Historischer Kontext
Der STS-B-Benchmark entwickelte sich aus der STS-Pilotaufgabe bei SemEval-2012, die Daten aus dem Microsoft Research Paraphrase Corpus und anderen Quellen verwendete. Die Version von 2017, organisiert von Forschern wie Daniel Cer, Mona Diab und anderen, konsolidierte Daten aus den Vorjahren zu einem einzigen, wiederverwendbaren Datensatz mit festen Aufteilungen in Trainings-, Validierungs- und Testdaten. Die Labels des Testsatzes wurden zunächst geheim gehalten und erst später veröffentlicht, um Overfitting zu verhindern – eine in gemeinsamen Aufgaben übliche Praxis.
Seit seiner Veröffentlichung wurde STS-B in zahlreichen Studien verwendet. Insbesondere wurde er 2018 in den GLUE-Benchmark (General Language Understanding Evaluation) aufgenommen, der neun NLP-Aufgaben zur Bewertung von Allzweck-Sprachmodellen bündelt. STS-B bleibt eine Komponente von GLUE und dessen Nachfolger SuperGLUE, obwohl SuperGLUE ihn durch eine anspruchsvollere Aufgabe ersetzt hat.
Verwendung in der Modellentwicklung
STS-B wird häufig zum Trainieren von Satzeinbettungsmodellen verwendet, beispielsweise solchen, die auf Transformer-Architekturen basieren. Modelle wie Sentence-BERT (SBERT) und spätere Varianten nutzen STS-B als Trainingsziel über Siamesische oder Triple-Netzwerke und optimieren die Kosinus-Ähnlichkeit zwischen Einbettungen. Der Benchmark wird auch zur Bewertung von neuronalen Netzen eingesetzt, einschließlich Deep-Learning-Systemen und großen Sprachmodellen wie denen von OpenAI, Anthropic und Google DeepMind.
Im Zeitalter großer vortrainierter Modelle wird STS-B oft als Sondierungsaufgabe (Probing Task) verwendet, um zu beurteilen, ob ein Modell robuste semantische Repräsentationen gelernt hat.
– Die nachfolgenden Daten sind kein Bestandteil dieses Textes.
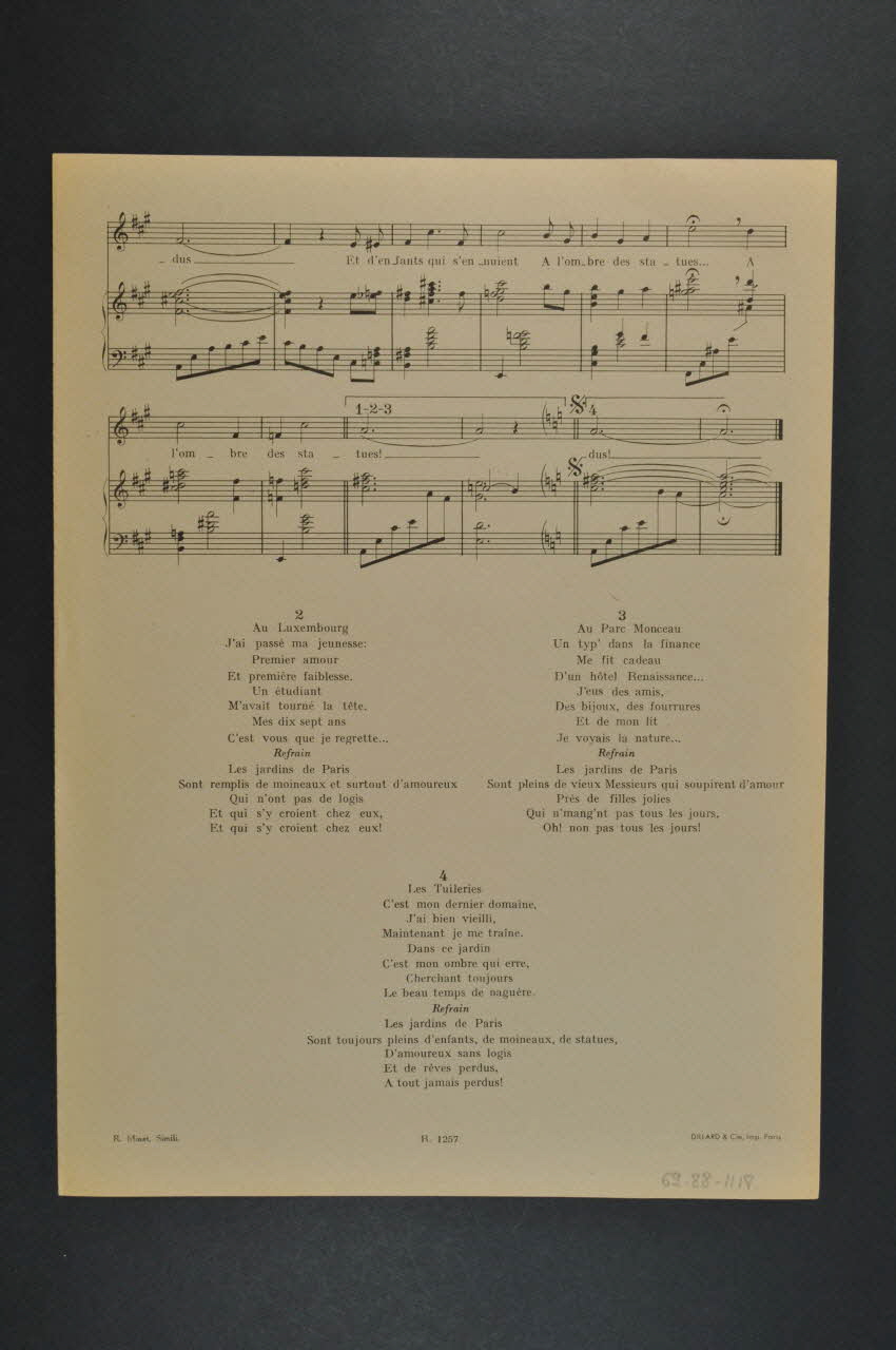 partition de musique, chanson, Les jardins de Paris

Er wird auch in cross-lingualen und mehrsprachigen Kontexten eingesetzt, in denen Modelle anhand übersetzter Versionen des Datensatzes evaluiert werden.
Einschränkungen und Kritik
Trotz seiner Beliebtheit hat STS-B bekannte Einschränkungen. Der Datensatz ist relativ klein, und seine Bewertungsskala (0-5) kann subjektiv sein, was zu Schwankungen zwischen den Annotatoren führt. Der Testsatz ist zudem anfällig für Datenlecks, wenn Modelle mit öffentlichen Versionen des Datensatzes trainiert werden. Darüber hinaus konzentriert sich der Benchmark auf Englisch, was seine Anwendbarkeit auf andere Sprachen einschränkt. Einige Forscher haben argumentiert, dass eine hohe Leistung bei STS-B nicht unbedingt auf eine bessere Leistung bei nachgelagerten Aufgaben wie Fragebeantwortung oder Zusammenfassung übertragbar ist.
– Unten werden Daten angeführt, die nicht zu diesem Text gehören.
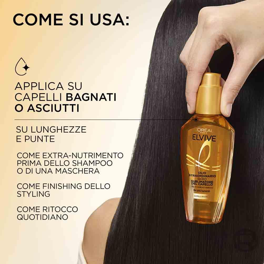 Olio sublimatore senza risciacquo dalla magica e preziosa texture, Gesto di bellezza per proteggere i capelli dalle aggressioni quotidiane, Per tutti i tipi di capello - Capelli visibilmente vitali e lucenti e non appesantiti grazie alla formula leggera e non grassa, Fibra elastica e setosa, Una sensazione di leggerezza e fluidità, Effetto anti-crespo a lunga durata - Modi d'uso: l’olio può essere applicato come trattamento nutriente prima dello shampoo, Prima della piega per come prodotto per lo styling, Sui capelli asciutti per sublimarli e renderli lucenti - Formula arricchita con 6 estratti oleosi preziosi, Con Oli di camelia e marula che combattono l'effetto crespo senza appesantire e nutrono intensamente, Pratico dosatore per un'applicazione ottimale - Contenuto: 1x L'Oréal Elvive Trattamento, Per Capelli Normali o Secchi, Protegge da Aggressioni e Nutre la Fibra, Con Oli Preziosi di Marula e Camelia, Olio Straordinario, 100 ml
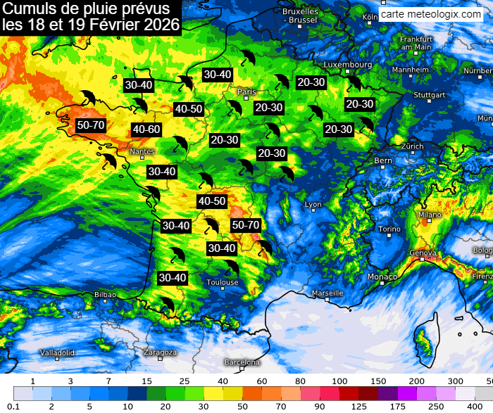 Cumuls de pluie modélisés les mercredi 18 et jeudi 19 février 2026 - meteologix.com

Verwandte Benchmarks und Erweiterungen
STS-B hat mehrere Erweiterungen inspiriert, darunter STS-B Multilingual (STS-B-M), das den Datensatz in mehrere Sprachen übersetzt, sowie den arabischen STS-Benchmark. Er ist auch mit anderen Aufgaben zur semantischen Ähnlichkeit verwandt, wie den gemeinsamen STS-Aufgaben, dem Microsoft Research Paraphrase Corpus und dem Quora Question Pairs Datensatz. Im Kontext von generativer KI wird STS-B manchmal verwendet, um die Konsistenz generierter Texte zu bewerten, obwohl neuere Benchmarks wie MT-Bench und Chatbot Arena für konversationelle Modelle an Bedeutung gewonnen haben.